## Intro
In this notebook, we will go through each of the steps taken behind `pipline` separately and then compare the results to ensure that the step were correctly taken.

## Tokenizer

In [8]:
from transformers import AutoTokenizer

# Load the tokenizer
checkpoint = "distilbert-base-uncased-finetuned-sst-2-english"
tokenizer = AutoTokenizer.from_pretrained(checkpoint)

# Raw input
raw_inputs = [
    "These days the weather has been a little too hot.",
    "I really want this for you, girl!",
    "You'd better not bring her into this!"
]

# Tokenize
inputs = tokenizer(raw_inputs, padding=True, truncation=True, return_tensors="pt")
inputs

{'input_ids': tensor([[ 101, 2122, 2420, 1996, 4633, 2038, 2042, 1037, 2210, 2205, 2980, 1012,
          102],
        [ 101, 1045, 2428, 2215, 2023, 2005, 2017, 1010, 2611,  999,  102,    0,
            0],
        [ 101, 2017, 1005, 1040, 2488, 2025, 3288, 2014, 2046, 2023,  999,  102,
            0]]), 'attention_mask': tensor([[1, 1, 1, 1, 1, 1, 1, 1, 1, 1, 1, 1, 1],
        [1, 1, 1, 1, 1, 1, 1, 1, 1, 1, 1, 0, 0],
        [1, 1, 1, 1, 1, 1, 1, 1, 1, 1, 1, 1, 0]])}

## Model


In [11]:
from transformers import AutoModelForSequenceClassification

# Load model from checkpoint
classifier = AutoModelForSequenceClassification.from_pretrained(checkpoint)

# Estimate logits
outputs = classifier(**inputs)
outputs

SequenceClassifierOutput(loss=None, logits=tensor([[ 4.0402, -3.3439],
        [-4.0005,  4.2854],
        [ 3.7932, -3.1592]], grad_fn=<AddmmBackward0>), hidden_states=None, attentions=None)

## Post Processing

In [36]:
from torch.nn.functional import softmax

# Convert logits to probabilities
predictions = softmax(outputs.logits, dim=-1)

# Find the labels
print(classifier.config.id2label)

for i in range(predictions.shape[0]):
  print([item.item() for item in predictions[i]])

for i in predictions.argmax(axis=1):
  print(classifier.config.id2label[i.item()])

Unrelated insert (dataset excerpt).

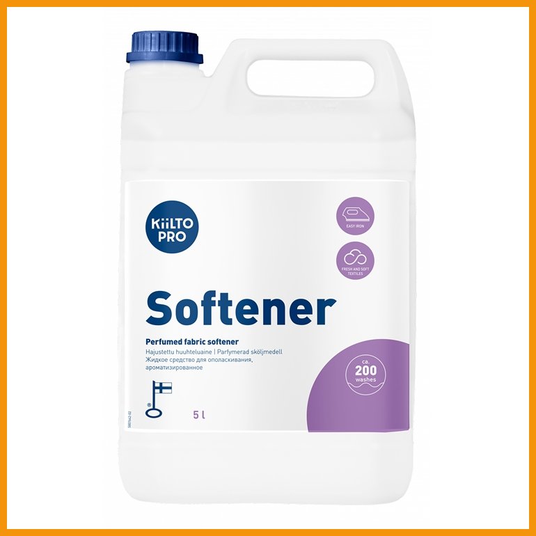 Kiilto Pro Softener on kasvipohjaisista raaka-aineista valmistettu vegaaninen huuhteluaine. Miedosti hajustettu huuhteluaine lyhentää kuivumisaikaa, tekee tekstiileistä pehmeitä, parantaa kankaiden siliävyyttä ja poistaa sähköisyyden synteettisistä kuiduista.Kotimaisella tuotteella on Avainlippu-tunnus.

{0: 'NEGATIVE', 1: 'POSITIVE'}
[0.9993792772293091, 0.0006206354591995478]
[0.0002519783447496593, 0.9997480511665344]
[0.9990445971488953, 0.0009554324205964804]
NEGATIVE
POSITIVE
NEGATIVE


## Compare with Pipline

In [22]:
from transformers import pipeline

# pipeline
pipeline = pipeline("sentiment-analysis", model=checkpoint)

# predict
pipeline(raw_inputs)


Device set to use cuda:0


[{'label': 'NEGATIVE', 'score': 0.9993792772293091},
 {'label': 'POSITIVE', 'score': 0.9997480511665344},
 {'label': 'NEGATIVE', 'score': 0.9990445971488953}]

Matching the values we can see that our step-by-step implementation of `pipeline`, matches up well with using the high-level API call.